┌──

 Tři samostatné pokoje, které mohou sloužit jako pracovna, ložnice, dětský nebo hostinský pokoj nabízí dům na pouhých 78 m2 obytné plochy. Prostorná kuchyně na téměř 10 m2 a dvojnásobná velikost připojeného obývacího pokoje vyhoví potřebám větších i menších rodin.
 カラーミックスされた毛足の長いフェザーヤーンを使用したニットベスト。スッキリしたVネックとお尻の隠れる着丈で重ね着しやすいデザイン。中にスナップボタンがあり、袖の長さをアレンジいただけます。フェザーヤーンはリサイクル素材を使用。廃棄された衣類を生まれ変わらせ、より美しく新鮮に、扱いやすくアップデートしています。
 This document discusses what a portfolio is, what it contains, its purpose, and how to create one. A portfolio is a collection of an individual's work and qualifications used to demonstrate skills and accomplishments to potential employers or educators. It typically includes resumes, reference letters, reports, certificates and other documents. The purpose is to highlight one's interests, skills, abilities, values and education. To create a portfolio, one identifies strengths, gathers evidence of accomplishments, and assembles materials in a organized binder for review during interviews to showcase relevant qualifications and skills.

└──
┌──

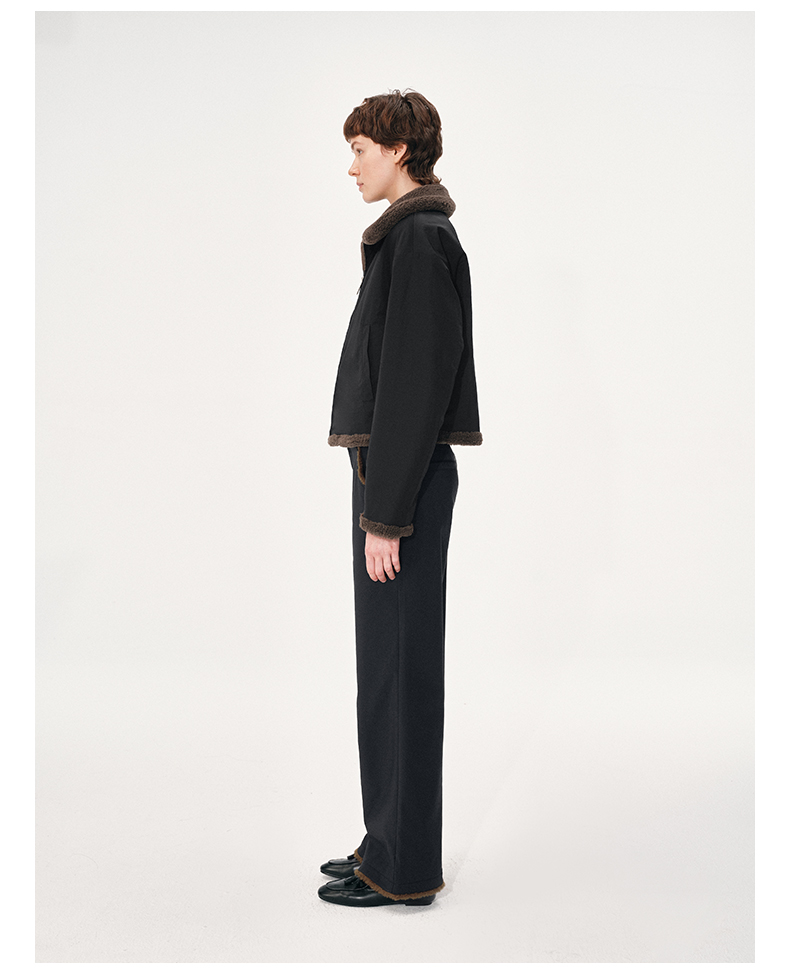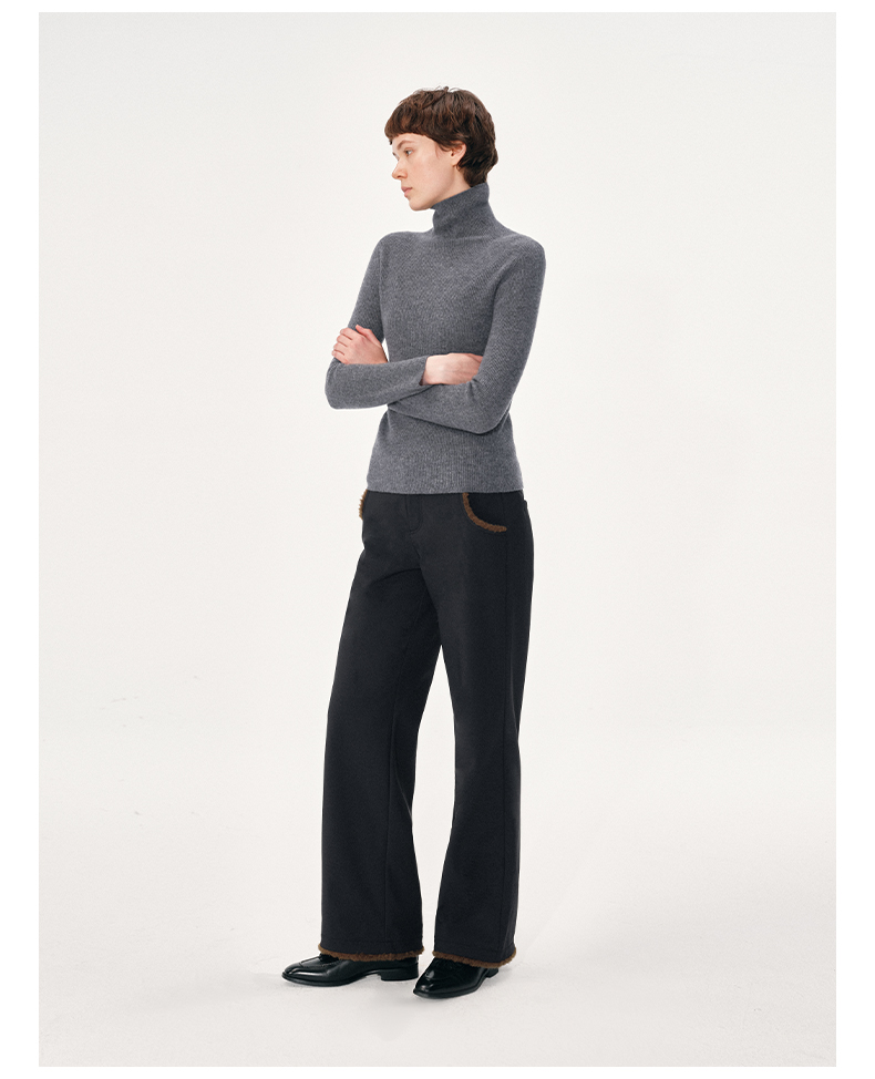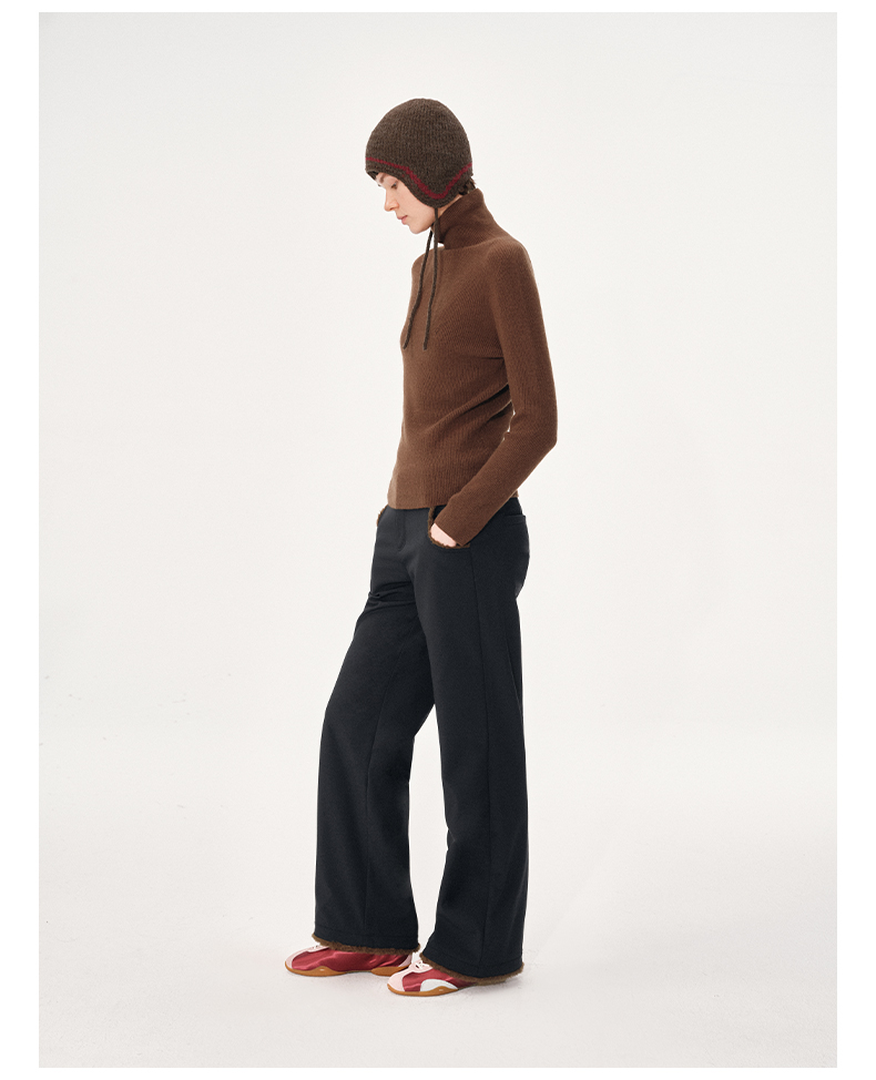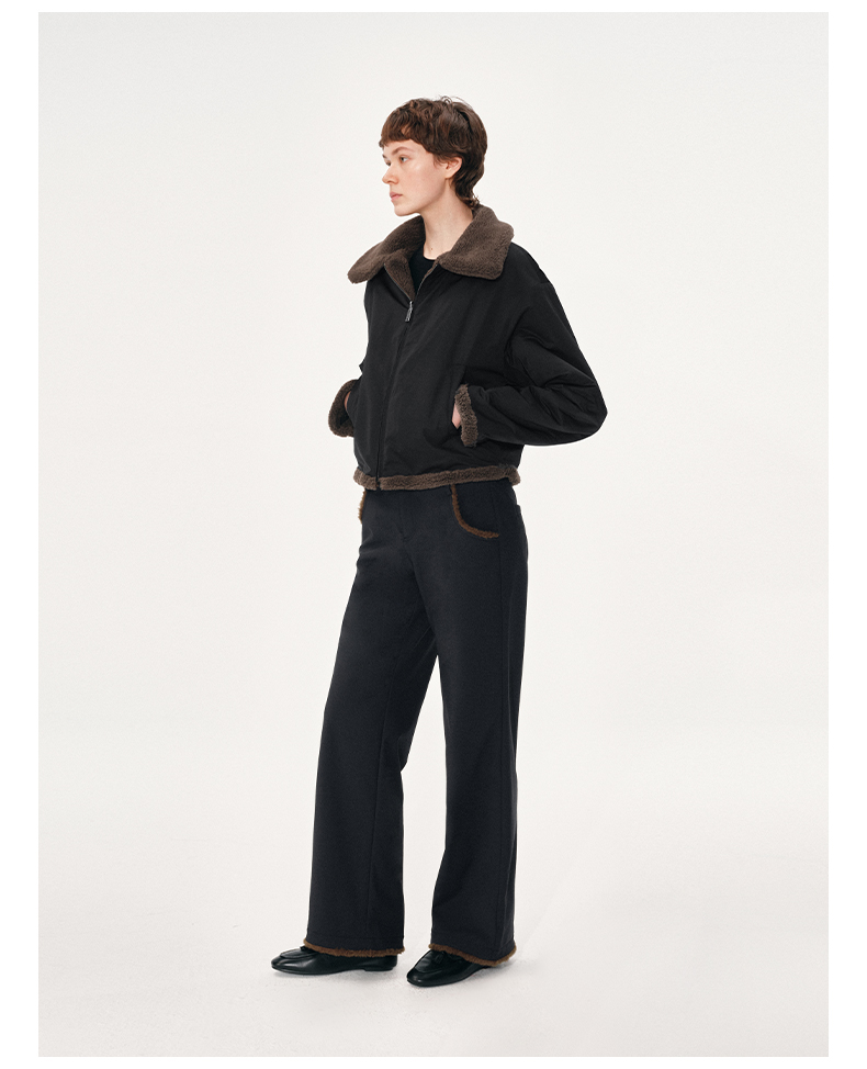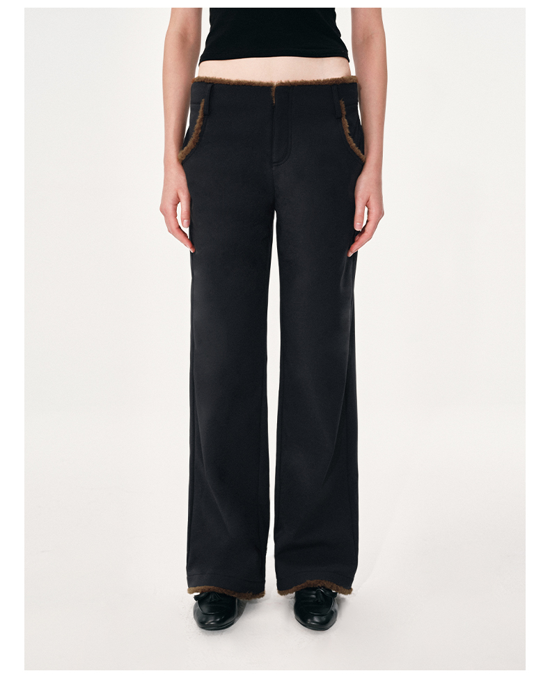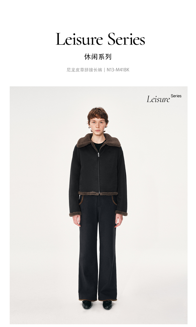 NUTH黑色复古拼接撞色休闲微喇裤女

└──

In the listing above, find the line with "Tři samostatné pokoje, které" and the line with "カラーミックスされた毛足の長", then reproduce both and every line between them exactly.

 Tři samostatné pokoje, které mohou sloužit jako pracovna, ložnice, dětský nebo hostinský pokoj nabízí dům na pouhých 78 m2 obytné plochy. Prostorná kuchyně na téměř 10 m2 a dvojnásobná velikost připojeného obývacího pokoje vyhoví potřebám větších i menších rodin.
 カラーミックスされた毛足の長いフェザーヤーンを使用したニットベスト。スッキリしたVネックとお尻の隠れる着丈で重ね着しやすいデザイン。中にスナップボタンがあり、袖の長さをアレンジいただけます。フェザーヤーンはリサイクル素材を使用。廃棄された衣類を生まれ変わらせ、より美しく新鮮に、扱いやすくアップデートしています。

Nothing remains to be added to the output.